Artificial Fish Swarm Algorithm: An Autonomous Optimization Model Inspired by Animal Behavior

The Artificial Fish Swarm Algorithm (AFSA) is an intelligent optimization technique inspired by the collective behavior of fish schools. This algorithm simulates the intelligent characteristics displayed during fish behaviors such as foraging, swarming, and chasing, achieving global optimization through simple interactions between autonomous individuals.

In the algorithm implementation, each "artificial fish" operates as an autonomous agent capable of making independent decisions based on local environmental information. The core algorithm typically involves three main behavioral modes:

1. Foraging Behavior: Simulates fish movement toward areas with higher food concentration. Code implementation often uses a stochastic search strategy where fish move toward positions with better fitness values, incorporating random steps to maintain exploration capability.
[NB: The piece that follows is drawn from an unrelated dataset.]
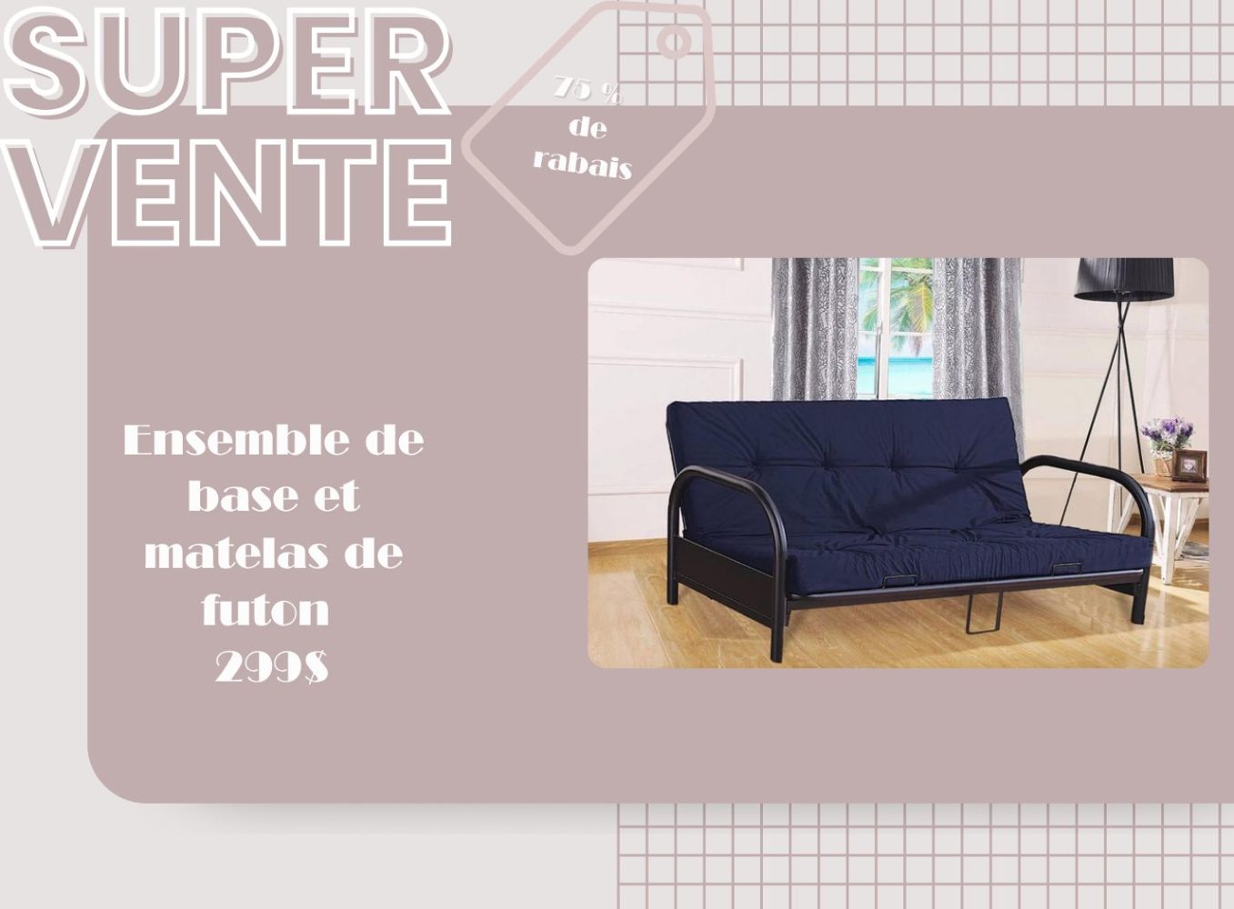 Ensemble de futon incluant la base en métal noir et le matelas.

2. Swarming Behavior: Maintains appropriate distances between individuals to prevent overcrowding or excessive dispersion. This is implemented through distance thresholds and crowding factors in the code, ensuring balanced exploration-exploitation trade-offs.

3. Chasing Behavior: A learning mechanism where individuals follow neighboring agents with better fitness values. The code implementation typically involves comparing fitness values within visual distance and moving toward optimal neighbors.

This algorithm demonstrates particular effectiveness in solving nonlinear, multimodal complex optimization problems. Compared to traditional optimization methods, AFSA exhibits superior global search capability and robustness, effectively avoiding premature convergence to local optima through its distributed decision-making architecture.

The Artificial Fish Swarm Algorithm has been successfully applied in various domains including path planning, parameter optimization, and neural network training, showcasing the unique advantages of swarm intelligence in addressing complex computational challenges. The algorithm's implementation typically involves parameters like visual distance, step size, and crowd factor, which require careful tuning for optimal performance across different problem domains.